La guerre en Ukraine fait des ravages sur les chaînes d’approvisionnement mondiales. Les sanctions occidentales en réponse à l’invasion, les chocs de prix résultant de la militarisation de l’énergie par la Russie et les perturbations des expéditions de marchandises ont perturbé les pratiques normales d’approvisionnement. Les répercussions se font sentir dans l’ensemble des industries mondiales, mais les effets sur les secteurs de la chimie et de l’agroalimentaire ont été particulièrement graves.

“Les industriels énergivores et les producteurs européens d’engrais sont les deux groupes les plus touchés”, déclare Sebastian Bray, analyste principal des produits chimiques à la banque d’investissement allemande Berenberg. “Toute entreprise chimique qui consomme beaucoup d’énergie ou de gaz n’a généralement pas eu de bons derniers mois.”

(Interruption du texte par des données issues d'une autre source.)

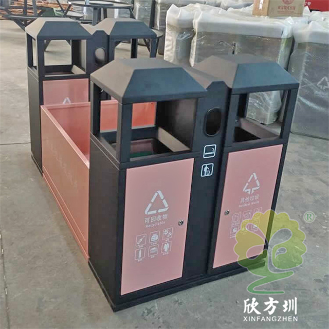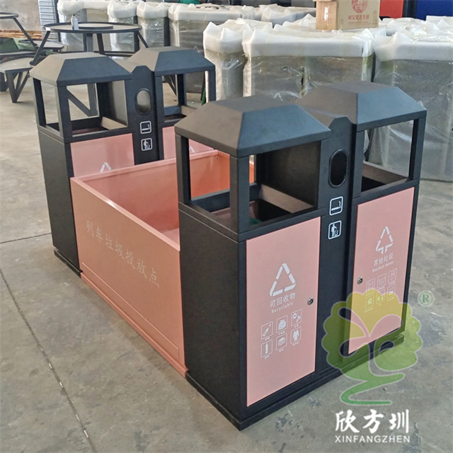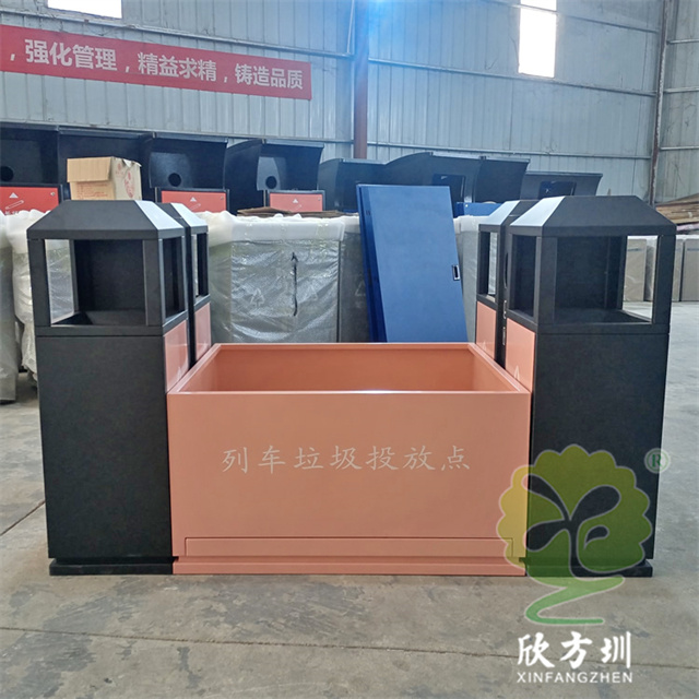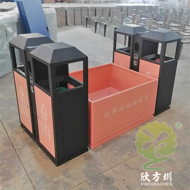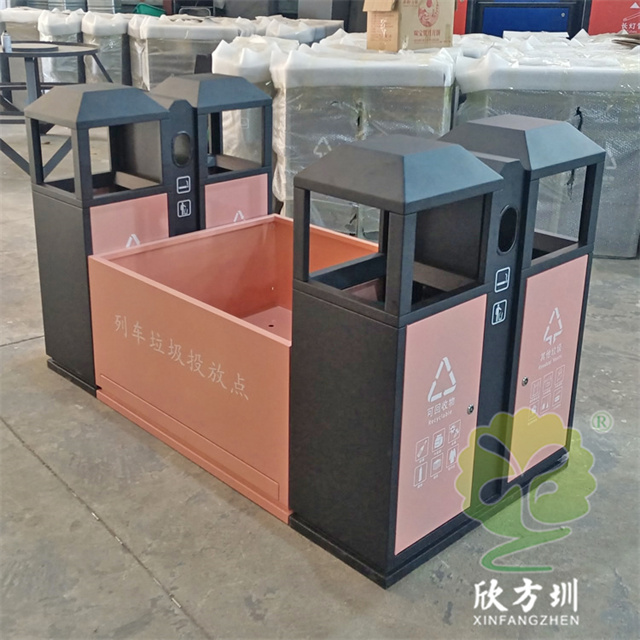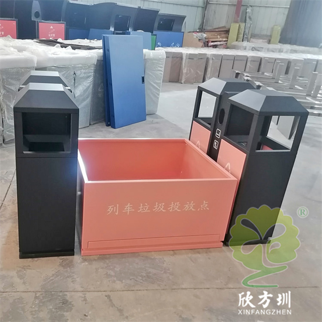 高鐵站火車站組合式不銹鋼分類垃圾桶材質(zhì)可以使用304不銹鋼板1.2mm厚制作,可以選擇鍍鋅板、201不銹鋼板定制,框架黑色噴粉烤漆,投放點和門板粉色噴塑,組合式兩個雙分類桶設(shè)計,絲網(wǎng)印刷最新國標(biāo)分類標(biāo)識和列車?yán)斗劈c,雙桶側(cè)面中上部分雙面帶煙灰盅,可以定制形狀尺寸和顏色。

Le monde en est venu à dépendre de la Russie pour une grande partie de l’énergie et des matières premières qui alimentent la chaîne alimentaire et les industries mondiales. Bien qu’elles représentent moins de 3 % du produit intérieur brut mondial, la Russie, l’Ukraine et la Biélorussie voisine jouent un rôle démesuré en tant que producteurs et exportateurs de produits agricoles, de minéraux, d’engrais et d’énergie.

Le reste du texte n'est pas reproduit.